(Stored data entries)
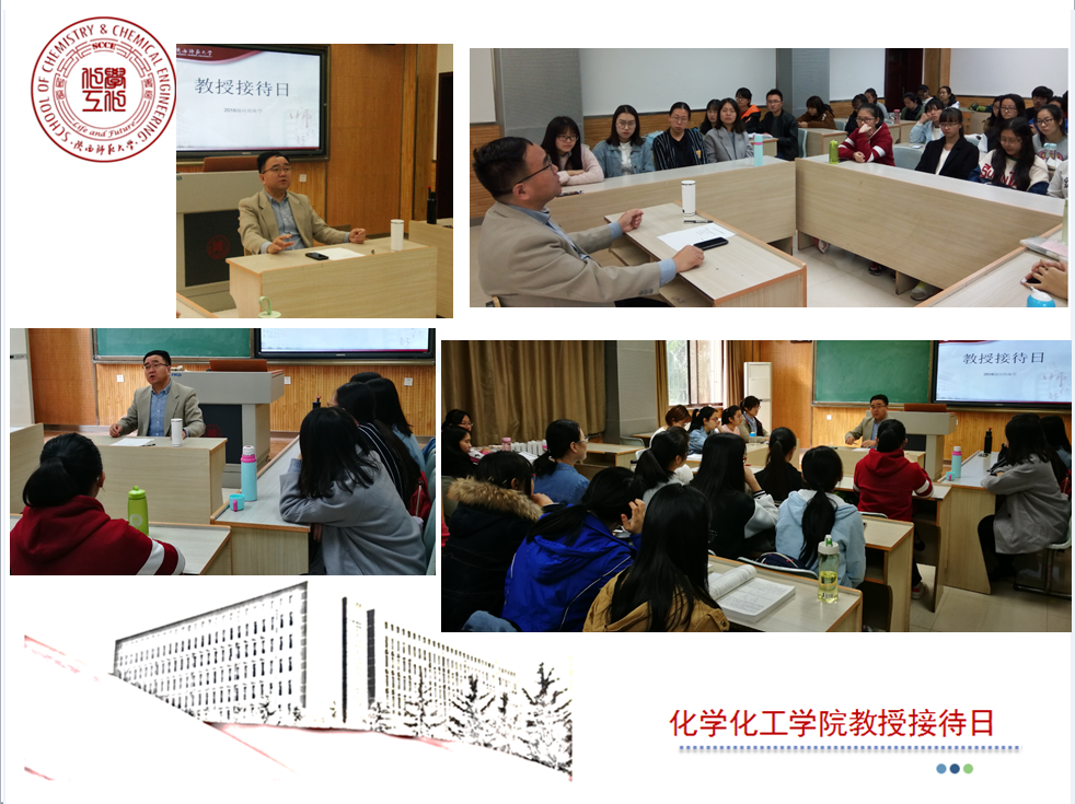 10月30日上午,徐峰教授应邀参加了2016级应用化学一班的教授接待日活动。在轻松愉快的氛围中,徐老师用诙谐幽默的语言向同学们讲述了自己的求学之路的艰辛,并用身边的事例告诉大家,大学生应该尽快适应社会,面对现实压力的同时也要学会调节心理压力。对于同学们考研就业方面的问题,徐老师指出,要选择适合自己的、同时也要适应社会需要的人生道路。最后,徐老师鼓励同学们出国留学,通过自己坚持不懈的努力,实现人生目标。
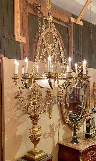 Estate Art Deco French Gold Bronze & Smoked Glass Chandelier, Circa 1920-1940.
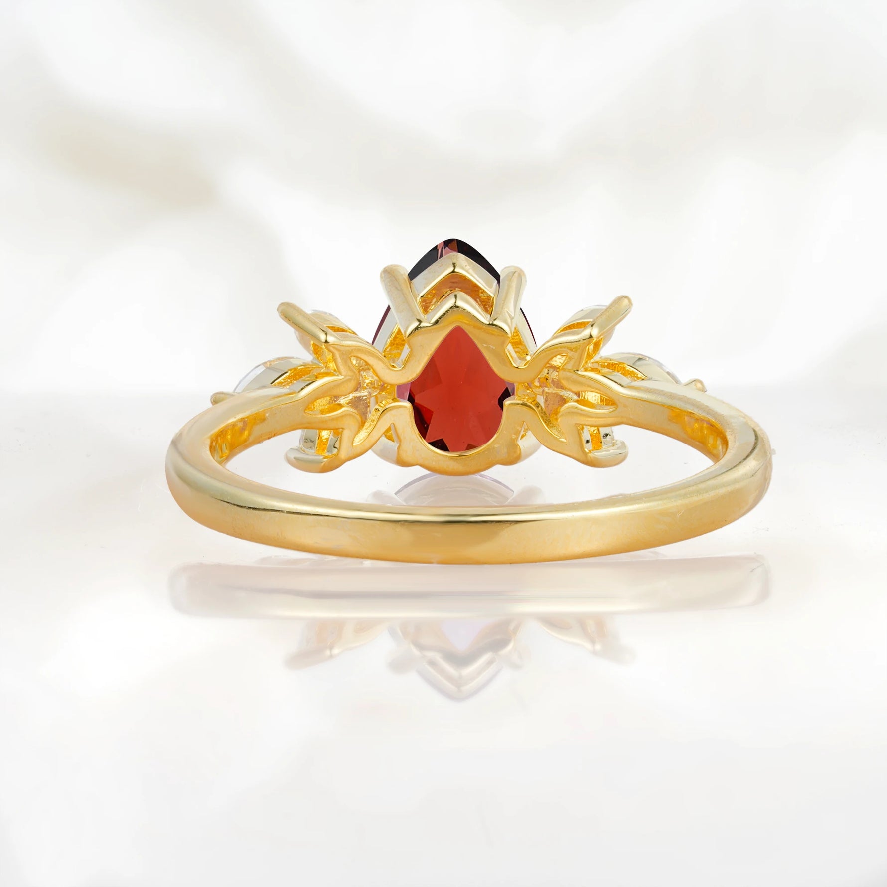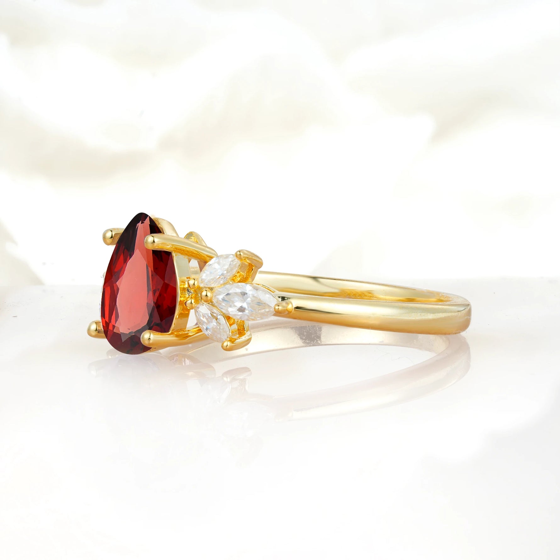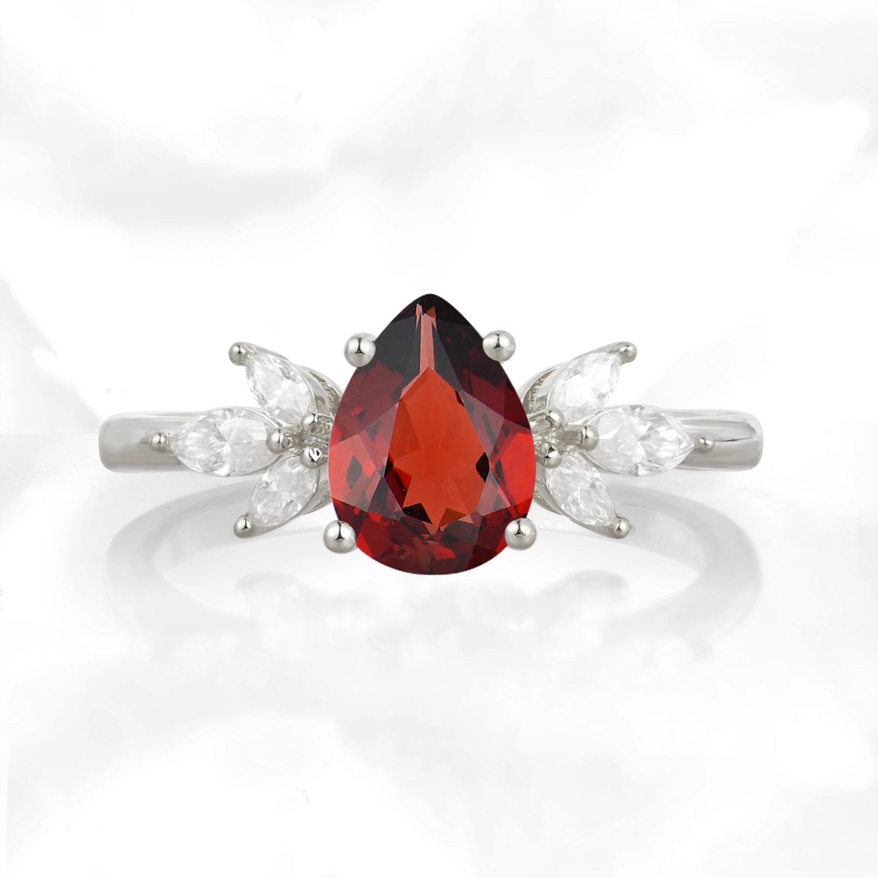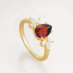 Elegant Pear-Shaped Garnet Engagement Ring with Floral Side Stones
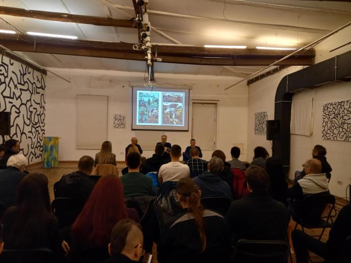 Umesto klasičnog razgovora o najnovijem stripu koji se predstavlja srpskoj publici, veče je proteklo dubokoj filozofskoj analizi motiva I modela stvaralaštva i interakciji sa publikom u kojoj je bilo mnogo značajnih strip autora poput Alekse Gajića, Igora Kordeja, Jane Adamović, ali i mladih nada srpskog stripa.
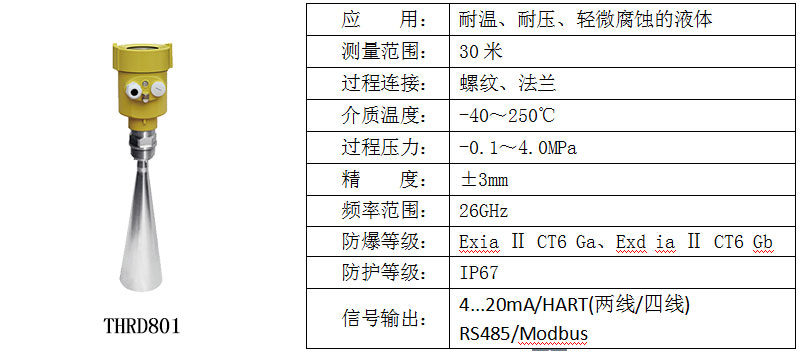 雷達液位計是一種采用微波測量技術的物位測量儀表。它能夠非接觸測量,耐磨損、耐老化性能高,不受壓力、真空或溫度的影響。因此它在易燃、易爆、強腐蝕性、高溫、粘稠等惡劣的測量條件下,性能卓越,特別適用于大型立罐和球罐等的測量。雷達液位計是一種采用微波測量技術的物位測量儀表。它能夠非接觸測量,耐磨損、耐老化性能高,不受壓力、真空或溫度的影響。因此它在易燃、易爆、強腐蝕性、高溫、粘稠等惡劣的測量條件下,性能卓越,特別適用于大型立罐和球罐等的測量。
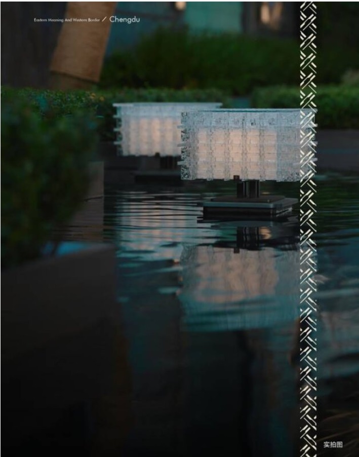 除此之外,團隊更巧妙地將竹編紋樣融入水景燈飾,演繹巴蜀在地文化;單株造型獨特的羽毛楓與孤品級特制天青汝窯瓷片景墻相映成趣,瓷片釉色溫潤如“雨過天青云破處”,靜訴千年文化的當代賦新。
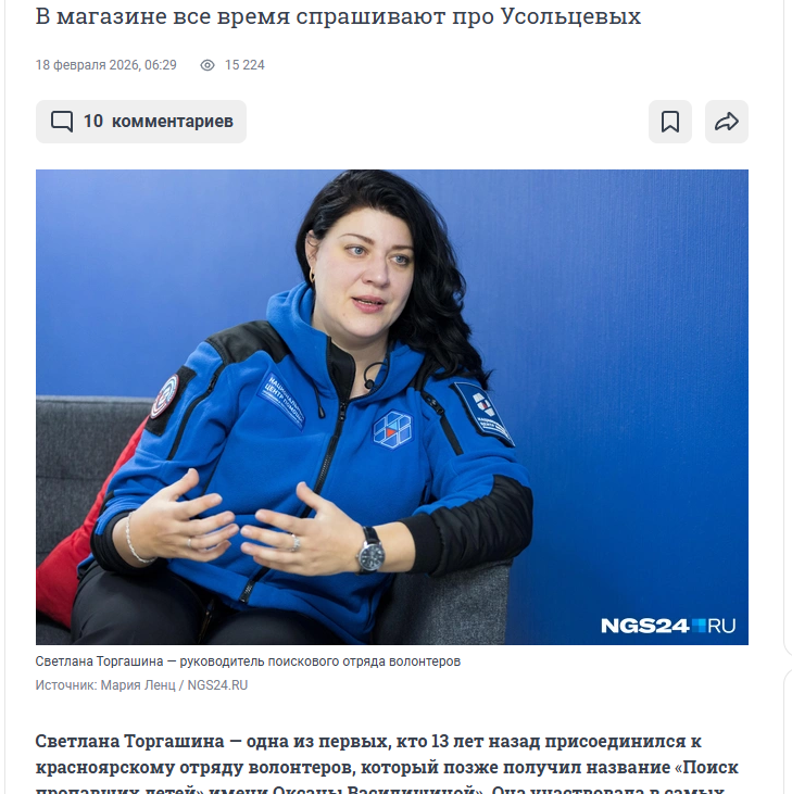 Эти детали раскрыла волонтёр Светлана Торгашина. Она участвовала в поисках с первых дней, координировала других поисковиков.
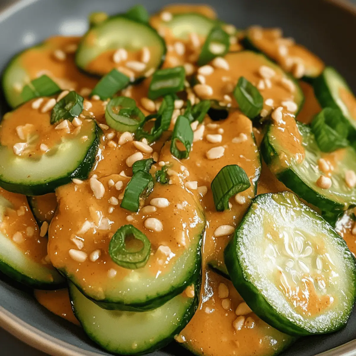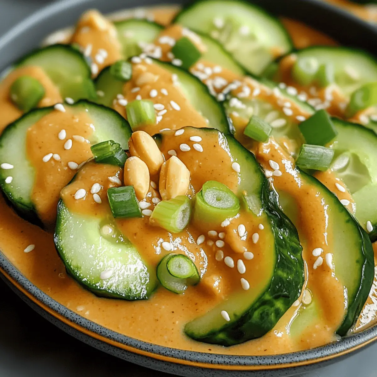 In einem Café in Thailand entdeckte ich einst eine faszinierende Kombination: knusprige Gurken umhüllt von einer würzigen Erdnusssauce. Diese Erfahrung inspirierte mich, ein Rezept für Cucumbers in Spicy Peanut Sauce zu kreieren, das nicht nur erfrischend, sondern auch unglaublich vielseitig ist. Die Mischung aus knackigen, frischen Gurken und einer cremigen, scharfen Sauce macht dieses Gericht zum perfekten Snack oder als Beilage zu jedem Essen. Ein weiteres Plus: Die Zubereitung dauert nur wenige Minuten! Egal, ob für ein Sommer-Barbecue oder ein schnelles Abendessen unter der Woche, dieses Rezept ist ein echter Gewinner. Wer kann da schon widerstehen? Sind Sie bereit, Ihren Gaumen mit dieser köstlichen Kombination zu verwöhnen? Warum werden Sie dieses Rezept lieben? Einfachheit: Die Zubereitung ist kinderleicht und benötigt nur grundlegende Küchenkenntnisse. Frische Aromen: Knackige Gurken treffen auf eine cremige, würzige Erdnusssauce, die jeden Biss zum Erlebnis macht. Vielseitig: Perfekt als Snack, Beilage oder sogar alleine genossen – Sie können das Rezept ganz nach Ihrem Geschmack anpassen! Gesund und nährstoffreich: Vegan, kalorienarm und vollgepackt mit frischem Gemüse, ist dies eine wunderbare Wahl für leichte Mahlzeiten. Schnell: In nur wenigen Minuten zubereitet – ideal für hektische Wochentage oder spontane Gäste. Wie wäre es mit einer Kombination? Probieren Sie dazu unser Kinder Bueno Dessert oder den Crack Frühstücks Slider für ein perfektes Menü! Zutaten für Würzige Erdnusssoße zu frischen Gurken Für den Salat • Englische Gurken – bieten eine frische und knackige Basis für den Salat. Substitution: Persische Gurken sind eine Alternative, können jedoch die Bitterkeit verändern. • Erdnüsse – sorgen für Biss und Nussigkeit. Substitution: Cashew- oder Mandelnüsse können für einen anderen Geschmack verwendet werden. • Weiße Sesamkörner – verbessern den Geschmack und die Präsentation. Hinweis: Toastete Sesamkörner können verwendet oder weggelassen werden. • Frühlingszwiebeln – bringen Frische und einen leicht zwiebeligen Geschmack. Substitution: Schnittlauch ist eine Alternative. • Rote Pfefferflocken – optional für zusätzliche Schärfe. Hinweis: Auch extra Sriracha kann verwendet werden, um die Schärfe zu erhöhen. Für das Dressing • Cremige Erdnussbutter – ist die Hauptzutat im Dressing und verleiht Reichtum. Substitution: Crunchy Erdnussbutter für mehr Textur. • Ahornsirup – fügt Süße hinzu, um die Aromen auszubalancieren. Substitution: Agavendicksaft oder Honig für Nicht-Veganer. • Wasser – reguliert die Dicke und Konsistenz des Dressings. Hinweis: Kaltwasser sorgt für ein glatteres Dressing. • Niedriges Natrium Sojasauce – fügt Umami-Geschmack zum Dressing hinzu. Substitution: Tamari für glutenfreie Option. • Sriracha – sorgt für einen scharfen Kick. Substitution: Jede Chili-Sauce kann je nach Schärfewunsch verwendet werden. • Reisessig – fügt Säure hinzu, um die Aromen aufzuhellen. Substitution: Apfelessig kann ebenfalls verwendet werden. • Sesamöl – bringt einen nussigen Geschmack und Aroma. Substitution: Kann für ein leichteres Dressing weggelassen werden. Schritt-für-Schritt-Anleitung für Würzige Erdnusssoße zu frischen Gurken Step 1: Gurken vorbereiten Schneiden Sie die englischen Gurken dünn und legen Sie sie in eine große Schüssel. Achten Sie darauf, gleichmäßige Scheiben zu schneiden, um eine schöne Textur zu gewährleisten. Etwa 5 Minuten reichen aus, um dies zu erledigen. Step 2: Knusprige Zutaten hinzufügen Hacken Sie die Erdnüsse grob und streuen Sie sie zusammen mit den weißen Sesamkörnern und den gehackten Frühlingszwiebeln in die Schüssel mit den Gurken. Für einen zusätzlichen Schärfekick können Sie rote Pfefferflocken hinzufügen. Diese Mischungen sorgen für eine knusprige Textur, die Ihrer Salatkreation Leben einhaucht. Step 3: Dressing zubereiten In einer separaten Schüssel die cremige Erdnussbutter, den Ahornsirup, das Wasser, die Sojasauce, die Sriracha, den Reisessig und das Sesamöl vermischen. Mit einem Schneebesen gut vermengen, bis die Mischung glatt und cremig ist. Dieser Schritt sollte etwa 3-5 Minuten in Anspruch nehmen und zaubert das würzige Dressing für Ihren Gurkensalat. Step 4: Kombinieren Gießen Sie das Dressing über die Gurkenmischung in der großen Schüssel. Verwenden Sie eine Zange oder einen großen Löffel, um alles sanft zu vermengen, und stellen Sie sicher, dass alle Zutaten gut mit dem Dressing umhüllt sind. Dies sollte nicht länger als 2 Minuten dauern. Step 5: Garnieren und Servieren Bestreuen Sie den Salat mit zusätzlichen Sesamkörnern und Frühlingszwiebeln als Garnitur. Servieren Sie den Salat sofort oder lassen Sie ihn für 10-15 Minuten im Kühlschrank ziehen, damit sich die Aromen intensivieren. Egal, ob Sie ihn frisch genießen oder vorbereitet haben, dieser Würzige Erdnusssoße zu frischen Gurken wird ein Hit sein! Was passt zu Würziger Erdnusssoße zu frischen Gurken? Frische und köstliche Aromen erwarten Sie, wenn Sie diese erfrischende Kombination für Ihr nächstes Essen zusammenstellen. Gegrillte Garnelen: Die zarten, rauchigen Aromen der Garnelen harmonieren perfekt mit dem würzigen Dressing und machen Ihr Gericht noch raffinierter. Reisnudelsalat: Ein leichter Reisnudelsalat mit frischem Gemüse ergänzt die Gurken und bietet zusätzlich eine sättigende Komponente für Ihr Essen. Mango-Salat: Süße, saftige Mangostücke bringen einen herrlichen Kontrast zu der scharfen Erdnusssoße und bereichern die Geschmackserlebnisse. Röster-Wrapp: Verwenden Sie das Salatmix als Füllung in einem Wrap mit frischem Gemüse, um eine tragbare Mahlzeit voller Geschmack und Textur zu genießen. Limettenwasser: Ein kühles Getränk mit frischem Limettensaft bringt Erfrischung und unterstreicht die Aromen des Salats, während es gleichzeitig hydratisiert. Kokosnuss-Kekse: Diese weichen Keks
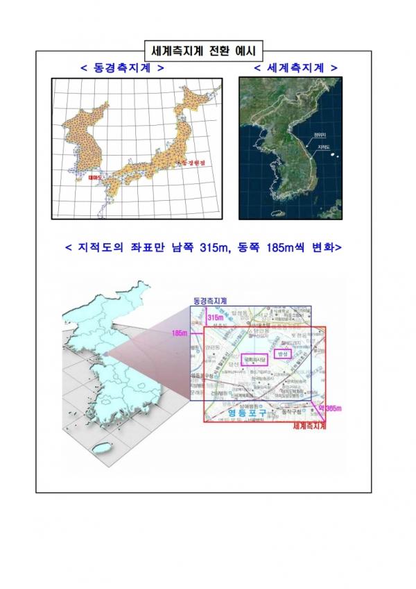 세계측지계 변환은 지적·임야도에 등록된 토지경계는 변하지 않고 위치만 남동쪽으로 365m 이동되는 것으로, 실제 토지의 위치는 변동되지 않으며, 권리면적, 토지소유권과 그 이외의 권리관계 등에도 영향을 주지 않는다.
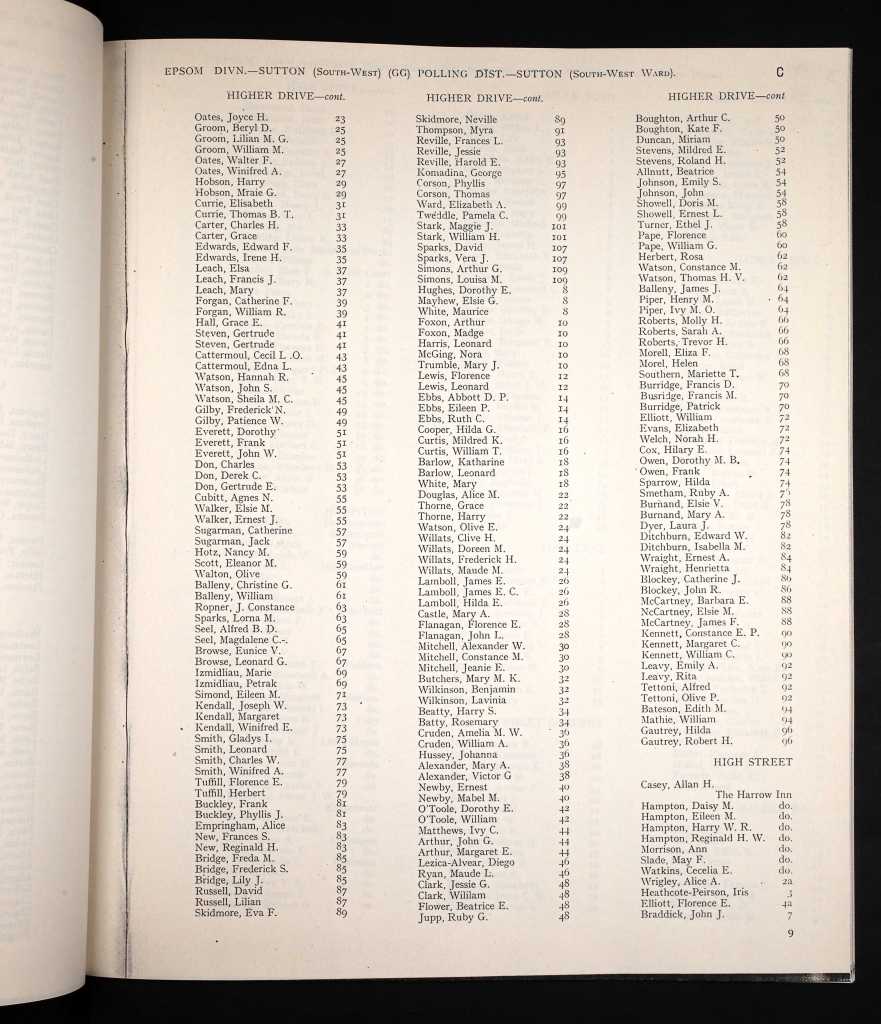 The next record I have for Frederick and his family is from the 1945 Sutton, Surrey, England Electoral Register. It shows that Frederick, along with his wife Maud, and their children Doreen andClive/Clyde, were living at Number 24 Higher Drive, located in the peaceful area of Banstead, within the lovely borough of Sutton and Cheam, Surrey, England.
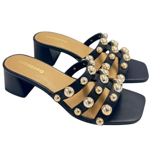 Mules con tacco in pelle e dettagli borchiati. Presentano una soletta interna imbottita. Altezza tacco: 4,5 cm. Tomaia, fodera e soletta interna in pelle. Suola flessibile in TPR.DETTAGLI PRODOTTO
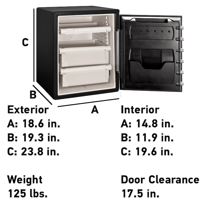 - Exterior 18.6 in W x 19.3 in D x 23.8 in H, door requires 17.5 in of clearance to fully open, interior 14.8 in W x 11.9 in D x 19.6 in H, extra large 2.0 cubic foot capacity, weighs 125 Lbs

### [Brief]
What you give back must match the lines from the start of the records through the line that contains "Estate Art Deco", exactly, with the pictures left out.

### [Answer for this exercise]
 10月30日上午,徐峰教授应邀参加了2016级应用化学一班的教授接待日活动。在轻松愉快的氛围中,徐老师用诙谐幽默的语言向同学们讲述了自己的求学之路的艰辛,并用身边的事例告诉大家,大学生应该尽快适应社会,面对现实压力的同时也要学会调节心理压力。对于同学们考研就业方面的问题,徐老师指出,要选择适合自己的、同时也要适应社会需要的人生道路。最后,徐老师鼓励同学们出国留学,通过自己坚持不懈的努力,实现人生目标。
 Estate Art Deco French Gold Bronze & Smoked Glass Chandelier, Circa 1920-1940.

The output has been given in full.